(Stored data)
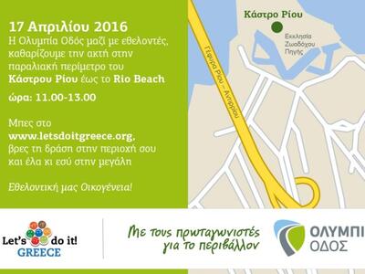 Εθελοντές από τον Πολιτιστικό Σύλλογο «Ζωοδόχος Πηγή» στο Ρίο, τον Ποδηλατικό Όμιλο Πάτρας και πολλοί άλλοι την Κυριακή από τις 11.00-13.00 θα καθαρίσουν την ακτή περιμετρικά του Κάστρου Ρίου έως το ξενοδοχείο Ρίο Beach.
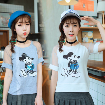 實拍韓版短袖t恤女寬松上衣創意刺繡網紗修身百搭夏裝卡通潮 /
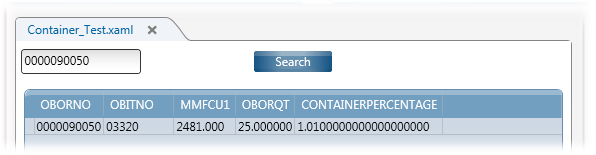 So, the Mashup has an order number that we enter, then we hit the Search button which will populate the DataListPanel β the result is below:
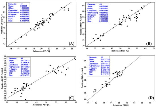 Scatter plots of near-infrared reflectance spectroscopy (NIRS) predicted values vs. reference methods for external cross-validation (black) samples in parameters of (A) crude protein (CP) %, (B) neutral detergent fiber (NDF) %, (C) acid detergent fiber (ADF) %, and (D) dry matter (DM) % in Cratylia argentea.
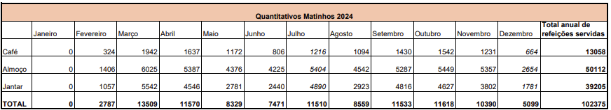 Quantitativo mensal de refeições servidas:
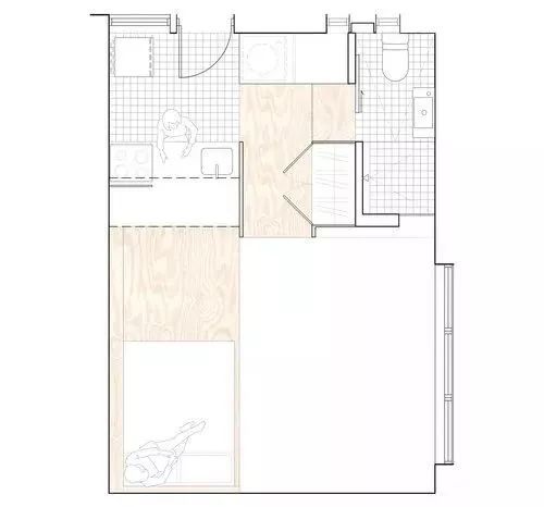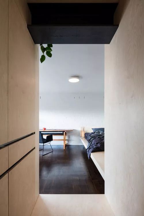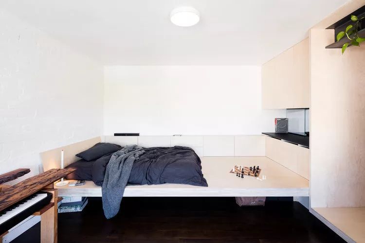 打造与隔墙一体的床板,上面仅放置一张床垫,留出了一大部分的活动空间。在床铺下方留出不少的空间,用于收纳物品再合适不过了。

(What is expected) From the first line to the last, output the data exactly; skip any pictures.

(Task result)
 Εθελοντές από τον Πολιτιστικό Σύλλογο «Ζωοδόχος Πηγή» στο Ρίο, τον Ποδηλατικό Όμιλο Πάτρας και πολλοί άλλοι την Κυριακή από τις 11.00-13.00 θα καθαρίσουν την ακτή περιμετρικά του Κάστρου Ρίου έως το ξενοδοχείο Ρίο Beach.
 實拍韓版短袖t恤女寬松上衣創意刺繡網紗修身百搭夏裝卡通潮 /
 So, the Mashup has an order number that we enter, then we hit the Search button which will populate the DataListPanel β the result is below:
 Scatter plots of near-infrared reflectance spectroscopy (NIRS) predicted values vs. reference methods for external cross-validation (black) samples in parameters of (A) crude protein (CP) %, (B) neutral detergent fiber (NDF) %, (C) acid detergent fiber (ADF) %, and (D) dry matter (DM) % in Cratylia argentea.
 Quantitativo mensal de refeições servidas:
 打造与隔墙一体的床板,上面仅放置一张床垫,留出了一大部分的活动空间。在床铺下方留出不少的空间,用于收纳物品再合适不过了。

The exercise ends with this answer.